The objective of this report is the assessment of cement compounds affected by high radiation dose typical of high level activity waste. Cement compound samples of different water-cement ratio were affected by up to 108 Gy radiation dose during the research.
Irradiated cement samples were observed to examine changes in regulated properties. Gas emission from cement samples and crystal phase structural changes were also assessed during the research. The research of structural changes of cement stone due to ionized radiation were done by the following methods: X-ray phase, Petrographic, Electron micrograph, Electron- microscopic analyses.
Comparative assessment of the samples before and after irradiation shows that cement compounds meet regulated requirements of final radioactive product.

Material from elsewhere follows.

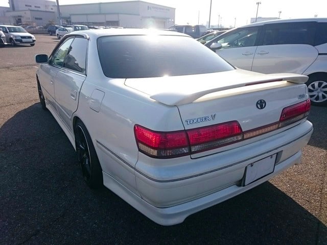 The first one that I’ve got to tell you about is the Toyota Mark-II. We just exported this very handsome, very tough-looking (and truly tough, in fact, since these JZX-100 chassis Toyotas are among the strongest-built cars in the drift car class), white Mark-II Tourer-V to the UK.
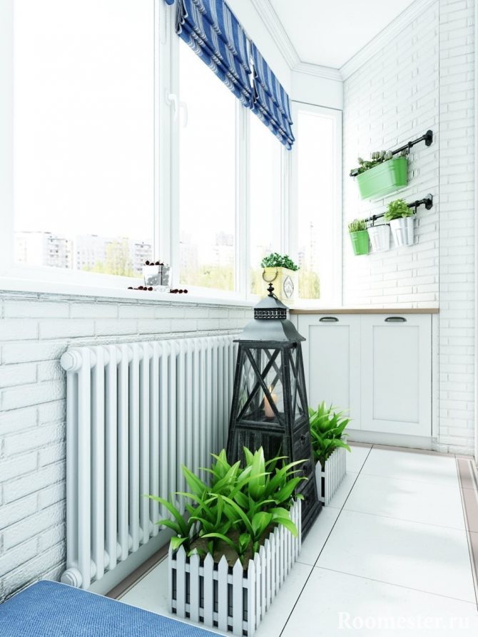 Cette option est pertinente pour les appartements avec des fenêtres donnant sur le côté ensoleillé. Un mini-jardin sera une bonne option pour ceux qui n'ont pas de chalet d'été, mais qui aiment bricoler le sol. Il est facile de faire pousser des tomates, des radis, des tournesols décoratifs, des concombres, des herbes, des oignons et des fleurs d'intérieur sur le balcon.

Compressive strength was considered as a criterion. The samples subjected to hardening for 28 days have from 4 to 8 times more compressive strength than the required 5 MPa. The research proves that irradiated compounds have the same durability after frost resistance and emersion tests.
As a result of the experiment, the concentration of hydrogen emitted from cement compounds was also measured. The quantity of emitted hydrogen from higher water-cement ratio is a bit higher due to higher water level. The research verifies that the highest level of hydrogen is not higher than 10-3 mol/ (per sample).
The studies of structural and morphological characteristics of cement samples by the above mentioned methods show that structural and phase changes in the samples are not revealed.
The results of the research show that examined cement compounds withstand radiation dose up to 108 Gy.